Pero si esperara a saberlo todo, jamás lo escribiría”.
Arno Stern
¡Definitivamente – me dije – lo que estemos leyendo nos influye de manera singular! Súbitamente, y gracias a la memoria, nos encontramos uniendo ideas que siempre nos parecieron aisladas resolviendo de esta manera algunos enigmas internos.
Me encontraba leyendo sobre la muerte, no porque estuviera planeando un suicidio espectacular que me hiciera famosa, ni porque estuviera maquinando el crimen perfecto – tan perfecto que ni yo misma me enterara-, tampoco porque mi inconsciente manifestara un deseo de morir o una mórbida atracción por la muerte. Me encontraba leyendo sobre la muerte porque quería escribir sobre la Eutanasia.
La definición del término “el arte de procurar una muerte confortable” fue lo único que leí del tema después de haberme acercado a las consideraciones que muchos han hecho sobre la muerte. Posterior e inmediatamente, me vino a la memoria una película futurista que me contaron cuando yo tenía doce años, en la que se planteaba la posibilidad que al morir todo ser humano podría revivir sentimientos agradables por medio de un film o de una pieza musical.
Siempre me imaginé – y aún ahora persiste en mí esa imagen – una habitación inmensa, cómoda, decorada con muy buen gusto, con luz tenue, una butaca, algunas sillas, al fondo una pantalla de cine, y cubriendo el techo y las paredes miles de cornetas pequeñas.
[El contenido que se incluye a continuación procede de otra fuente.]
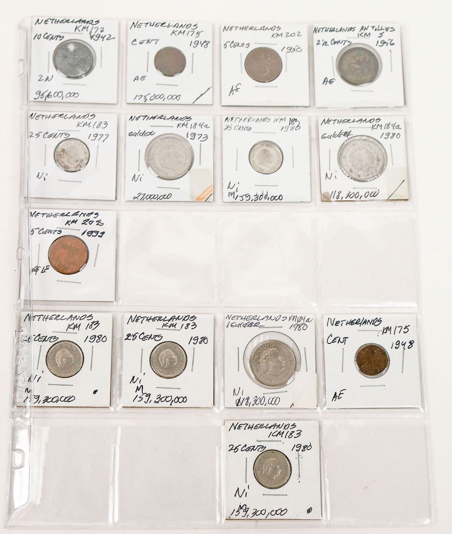 Fourteen coins from the Netherlands in 2 x 2 cardboard with KM (Krause/Mishler) number, date and denomination on each one. Dates from 1942-1992. One cent through 25 cent; one guilder.

Ante tal imagen mis interrogantes eran y siguen siendo ¿habrá logrado la Ciencia, para ese momento del futuro, vencer el dolor físico de forma que todos podamos escoger las experiencias sensoriales de nuestras últimas horas de vida? En cuyo caso ¿cuáles serían las exigencias del ser humano tomando en cuenta que cada persona, cada habitante de la Tierra, es único?
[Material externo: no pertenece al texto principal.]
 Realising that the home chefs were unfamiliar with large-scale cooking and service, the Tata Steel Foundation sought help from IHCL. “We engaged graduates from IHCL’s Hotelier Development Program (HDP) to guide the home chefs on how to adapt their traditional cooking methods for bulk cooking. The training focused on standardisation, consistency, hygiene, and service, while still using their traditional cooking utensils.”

Me imagino que en un principio sólo existirían las dos formas antes citadas. Posteriormente se implantarían nuevas, sofisticadas y excéntricas maneras de morir plácidamente. Pero situándonos en este principio ¿cuántos irían solos y cuantos irían acompañados? ¿Cuántos decidirían morir sufriendo pudiendo morir llenos de gozo? Y la incógnita que queda girando en mi cabeza: cómo nos sentiríamos mientras hacemos fila para entrar – de existir algún día ésta posibilidad – cuando nos digan ¡El próximo, por favor!